Già, perché se c’è una cosa che è da sempre parte integrante della discografia degli Zen Circus è la potenza che attribuiscono alle parole. Quella non cambia mai, forse è solo meno cattiva rispetto a dieci anni fa, quando cantavano Gente di Merda, ma resta comunque una forza brutalmente sincera nella sua poeticità.

Resta anche l’impegno, la volontà di far passare un messaggio che vada oltre e scuota un po’ le coscienze. Emblematica è la fine di 2050, che cerca di predire come sarà il mondo tra trent’anni piantando però il seme del dubbio: tutto quello che facciamo spinti dalla voglia di progresso servirà a qualcosa? “Abbiamo fatto tutto / abbiamo fatto niente” recita l’ultima strofa, alla fine di un climax che è un po’ anche il marchio distintivo dell’album. 

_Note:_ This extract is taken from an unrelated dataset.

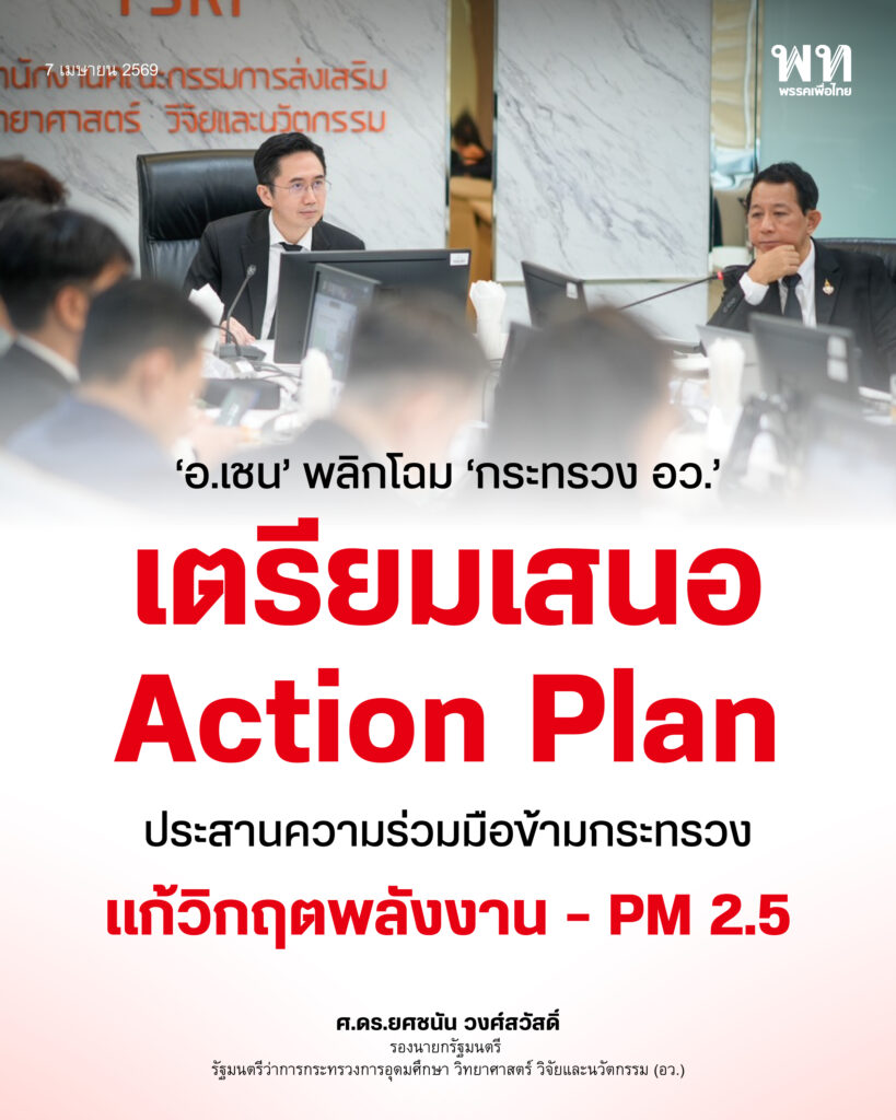 วันนี้ (7 เม.ย.) ณ สำนักงานคณะกรรมการส่งเสริมวิทยาศาสตร์ วิจัยและนวัตกรรม (สกสว.) ศ.ดร.ยศชนัน วงศ์สวัสดิ์ รองนายกรัฐมนตรี และรัฐมนตรีว่าการกระทรวงการอุดมศึกษา วิทยาศาสตร์ วิจัยและนวัตกรรม (อว.) ได้เข้าหารือเร่งด่วนเพื่อนำผลงานวิจัยและนวัตกรรมมาแก้ไขปัญหาวิกฤตพลังงานและฝุ่น PM2.5 โดยระบุว่าสถานการณ์ในปัจจุบันมีความเร่งด่วนและส่งผลกระทบต่อประชาชนอย่างกว้างขวาง โดยหลังจากที่สามารถปฏิบัติหน้าที่ตามกฎหมายได้แล้ว จะใช้กลไกของกองทุนส่งเสริมวิทยาศาสตร์ วิจัย และนวัตกรรม (กองทุน ววน.) เป็นหัวใจหลักในการขับเคลื่อนแผนงานวิจัยที่มีอยู่ให้เกิดผลในภาคปฏิบัติอย่างรวดเร็วที่สุด

È raro infatti che queste canzoni seguano la struttura classica e ripetitiva di strofa e ritornello. Al contrario, e forse contro logica, è molto più facile trovare pezzi in cui tutto è un crescendo, dalla musica alla voce che si fa sempre più carica. C’è poco che si ripete, per lasciare invece spazio ad una sorta di tensione verso l’alto. Già si vedeva nel secondo singolo pubblicato, Catrame, dove le prime frasi sono addirittura cantate a cappella prima di lasciar spazio anche a chitarra e batteria, ma si sente ancora meglio in Non, che inizia con una base di pianoforte, per poi aggiungere gli altri strumenti uno alla volta. Anche la voce diventa sempre più forte, arrivando quasi ad urlare, per poi sfumare alla fine.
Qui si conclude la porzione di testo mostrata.